Cas heaves up, Dean’s arm around his shoulders. “Let’s go, Dean.”

Sam watches Dean grip Cas’s far shoulder tight, pull at his jacket with his free hand. Dean winces as they walk, and Sam figures it’s the concussion nausea. “Did he know?” Dean asks, hoarse, wild-eyed, keeps his head upright for a full three seconds before he slumps forward, exhausted by it, probably. “S’that why— why he sent me here?”

Fuck. Sam can’t watch this. Eventually he works up the guts to say, “Just walk forward a few steps, man. Don’t need to think about it.”

Cas and Dean trudge forward a few steps, steady as tacked horses. Sam follows them, and then, when Cas trips over a branch and Dean makes a really goddamn pathetic little sound, Sam ducks under Dean’s arm to take his other side. He should’ve just insisted on it at first. He’s just. He’s always scared.

“I did it right,” Dean whispers, so quiet Sam might not’ve heard it if he’d still been behind them, “Did he know? But I’m not— I wouldn’t—”

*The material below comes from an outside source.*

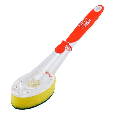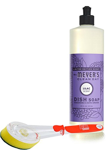 Mrs Meyer's Dish Soap Lilac 16 fl oz with a Brillo Scrub Brush

“Your brother’s right, Dean,” Cas says, and that settles something in Sam, the knowledge that this is Cas, not Lucifer, that that’s Dean, that this is Earth. “You need to concentrate. Don’t worry about anything else now.”

They make it maybe a quarter of a mile before Dean starts to flag again, feet dragging as Sam and Cas half-drag him across the plains, his whole body flinching. Another quarter-mile to go before they get back to the Impala.

“Halfway there, man,” Sam says. “You okay?”

It takes a few seconds, but Dean eventually says, “Yeah,” his voice cracked like a canyon.

After a century of pilgrimage, a nighthawk introduces the morning with its electric creak and boom. The car is in sight. Another step, Sam thinks. “I wouldn’t have left you alone,” Dean mumbles into Sam’s shoulder. “Even if someone found out about— no matter what they did to me, I never woulda left you alone. I wouldn’t have done that. Dad didn’t need to worry about that.”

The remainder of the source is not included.